Conclusion: The initiation of proceedings was jurisdiction and void ab initio, and was therefore against the Revenue and in favour of the assessee.
Issue (ii): Whether the property's fair market value exceeded the apparent consideration by more than the statutory margin so as to justify acquisition.
Analysis: In valuing tenanted property, the rent-yield method was the appropriate approach where rents could not be enhanced and tenants could not be evicted. The property was heavily burdened by rent control, short lease residue, occupancy by sitting tenants, and liabilities for tenant settlements and improvements. On the appellants' rental basis, the value was far below the apparent consideration; even on the departmental valuation, proper deductions for tenant-related liabilities and reversionary value materially reduced the figure. On the material accepted by the Tribunal, the statutory difference of more than fifteen per cent over the apparent consideration was not established.
Conclusion: The valuation did not support acquisition under section 269F(6), and this issue was decided in favour of the assessee.

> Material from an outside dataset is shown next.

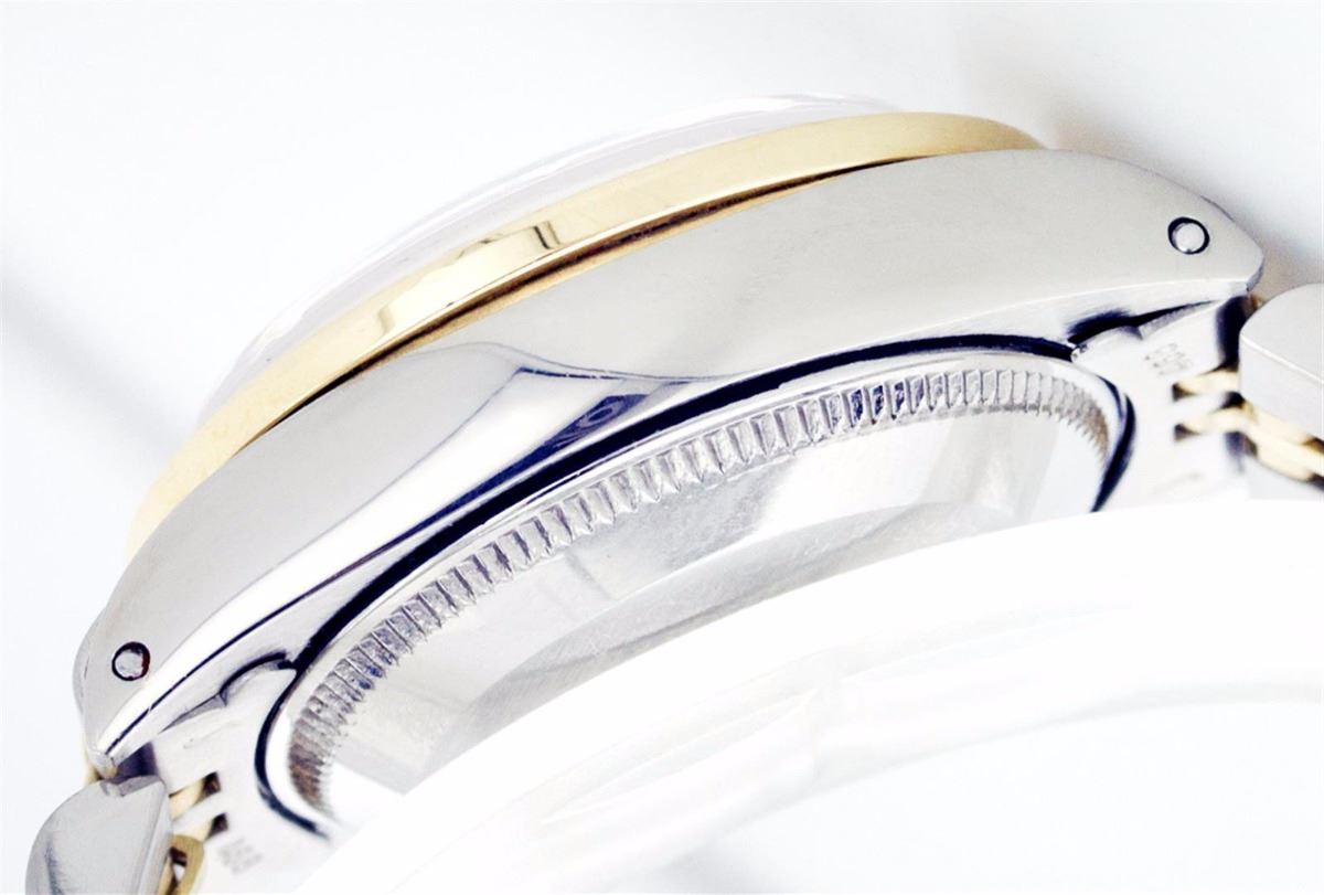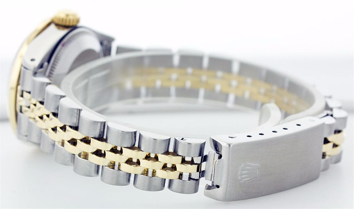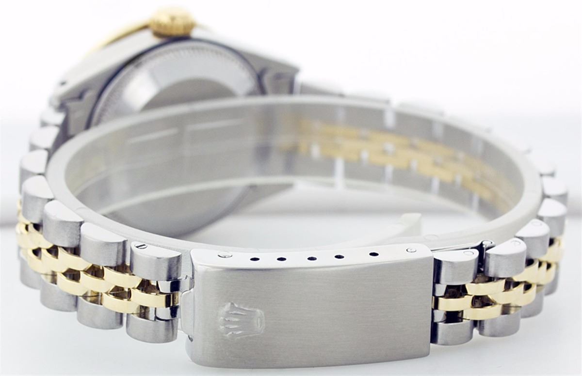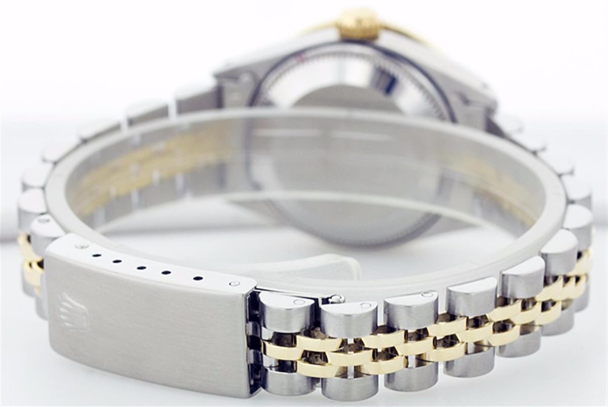 One Ladies Two Tone Rolex Datejust Polished, Serviced & Electronically Tested, 14K Yellow Gold & Stainless Steel Case:26mm, 14K Yellow Gold Crown, Custom Bezel: 18K Yellow Gold Emerald Beadset Diamond Bezel, Diamond Count: 28 Diamonds + 4 Emeralds Total Weight .70 Carat, Clarity: Si-VS, Color: G to H. Custom Crystal: Synthetic Sapphire Cyclops Lens. Movement: Automatic Winding Movement Caliber 2030. Custom Dial: Mother Of Pearl With Green Emerald Hour Markers. 10 Emeralds In Dial, Clarity: Si-VS, Color: G to H. Date Window: 3 O'Clock Position Date Display, Non Quickset, Model: 6917 Condition: G-6 Extra Fine. Bracelet: Two Tone 14K Yellow Gold & Stainless Steel Jubilee. Bright Polish. 5.5 Inch Length, Adjustable. Standard Clasp, With Rolex Logo.

Final Conclusion: The acquisition order could not be sustained on either the initiation ground or the valuation ground, and the order was liable to be set aside.
Ratio Decidendi: Acquisition under Chapter XXA can be initiated only on the basis of relevant material showing a live nexus between the facts known to the authority and the statutory belief, and tenanted, rent-controlled property with restrictive lease and transfer conditions must be valued by an approach that reflects those encumbrances before the statutory threshold for acquisition can be treated as satisfied.